As it is still early days in the project, it has no public profile (ie., there is no website) to inform people what is happening. However, a recent update on the state of play of the Our Waters project is on this blog post. This indicates that this photography is not what Rebecca Solnit calls eco-porn: photography that celebrate the ‘untouched beauty’ of nature associated with the nature tourism and calendars that view our land and rivers as a place of wildness and wilderness.

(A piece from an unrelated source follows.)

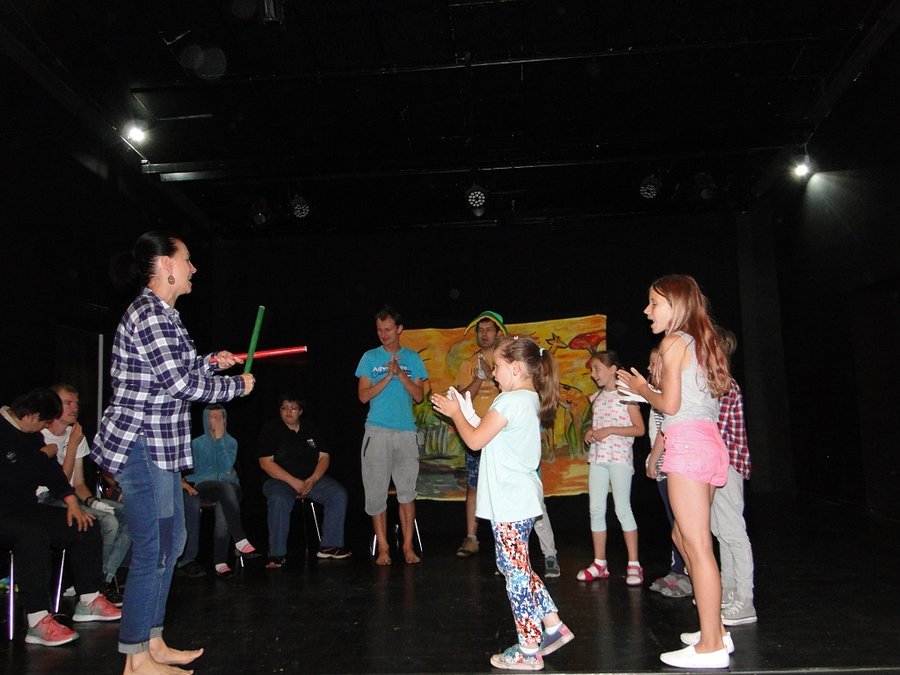 W czasie wakacji w Gryfińskim Domu Kultury od lat jest gwarno i wesoło, bowiem pracownie artystyczne otwierają swoje podwoje dla chętnych. Warsztaty odbywają się w obu miejskich siedzibach domu kultury oraz w świetlicach wiejskich, filiach GDK. Bywa, że zajęcia przybierają formę spontanicznych spotkań kilku grup. Tak było wczoraj (12 bm.) kiedy na scenie spotkali się aktorzy miejscowego Teatru Bomba Bomba z uczestnikami warsztatów recytatorskich. Wszyscy znakomicie się bawili podczas wspólnych działań twórczych. Było gwarno i wesoło. Nie od dziś wiadomo bowiem, że sztuka wyzwala pozytywne emocje. Taka zabawa była też świetną lekcją wrażliwości i współdziałania w grupie.
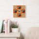 L'image d'animal de compagnie apparaît dans les 12, 3, 6 et 9 points de cette horloge "patch work quilt". Votre image carré sera placée dans le cadre en forme de coeur rouge. L'Arrière - plan peut être Customisé/modifié en couleur de votre choix.

It is an opportune time to start such a project given the recent report on the ecological state of the Coorong by the Goyder Institute. The ecological condition of the Coorong has been steadily degrading since European “settlement” due to upstream water extractions, and the Millennium Drought was a major disturbance causing a rapid decline in condition. Whilst the relatively recent increase in natural and managed inflows to the Coorong through the Murray-Darling Basin Plan have improved the ecological condition of the North Lagoon, the ecological condition of the South Lagoon has not recovered, or it has continued to decline. As Mary E. White wrote in her Running Down – Water in a Changing Land (Kangaroo Press, 2000):
The continuing saga of the extraction of massive amounts of water from inland rivers to satisfy the escalating demands of the irrigation industry is Australia’s most serious, and ultimately potentially most disastrous water-related issue. It is a battle between two essentially irreconcilable attitudes to land use.

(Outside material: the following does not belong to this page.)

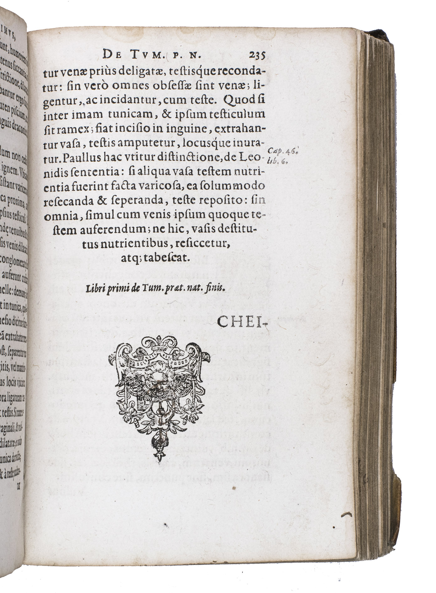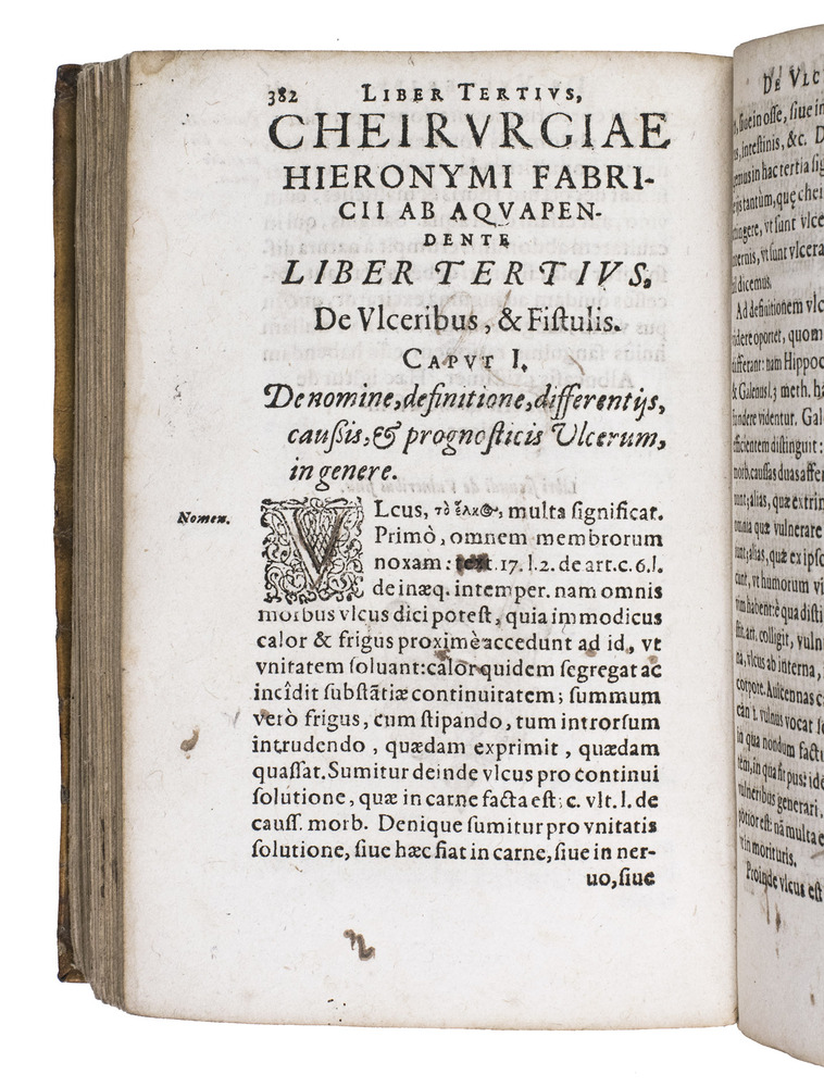 With an early owner's name R. Erard on the title-page and a later owner's name at the head. With some marginal wormholes in the first third, but even where they are most severe (in the gutter margin of quires F and G) they rarely touch the text and never remove a letter, occasional water stains in the last few leaves, a small ink splotch on the title-page (affecting 2 letters) and an occasional smaller one. Still in good condition. The vellum of the binding shows some small chips, holes and tears, and the ties are lost. Durling 1416; Norman Library 748; USTC 683385; VD16 F498; cf. Heirs of Hippocrates 366; Wellcome I, 2120; not in Garrison & Morton; Osler; for Fabrici: DSB IV, pp. 507-512 (noting this ed. p. 511).

To speak plainly, the Murray-Darling Basin has been, and is being, managed to benefit the irrigators.
The Goyder Report on the ecological condition of the Coorong’s South Lagoon states that:
The Coorong is considered to be the most important waterbird wetland in the Murray-Darling Basin. It has been degraded to the point where it is at risk of losing the key elements which make it such an iconic wetland of local, national and international importance. Most notably this has included large reductions in the abundances and some waterbirds, particularly fairy tern and migratory shorebirds. This is associated with the prevalence of filamentous algae that is preventing aquatic plants from completing their life-cycle and interfering with the ability of waterbirds to feed on both plants and invertebrates in mudflats. The system is now in a vulnerable state and may have little capacity to absorb continued and cumulative environmental stress resulting from water extractions and changes in climate.
It is highly likely that the growth of the filamentous algae in the South Lagoon is caused by the flows from the drainage system in the South-East of South Australia, since these flows are drainage from agricultural landscapes and so would would contain a lot of nutrients. But little scientific research has been done on this. What is known is that the reduction in extent of aquatic plants has led to a loss of habitat and food resources, particularly for shorebirds, whilst the shift in dominance from aquatic plants to algae has reduced access to foraging habitat for waterbirds. Consequently, the South Lagoon now has little capacity to absorb continued and cumulative environmental stress.
The Report states that the management regime must now contend with how to restore the system (ie., Lower Lakes, the South-East groundwater and the Southern Ocean) to a more desirable state (i.e. more suitable habitat for migratory shorebirds, extensive Ruppia tuberosa beds etc.) that supports the site’s biodiversity into the future shaped by climate change.
Any contemporary landscape photography of the Coorong, or of the rivers and land in the Murray-Darling Basin, is basically representing a landscape that is increasingly being shaped by climate change, and so to all intents and purposes it is a photography in the Anthropocene. This would be a photography that doesn’t ignore histories of colonial invasion and occupation which have inevitably left their mark on the land, which addresses colonial legacies, and challenges the dominant narratives around representation of land.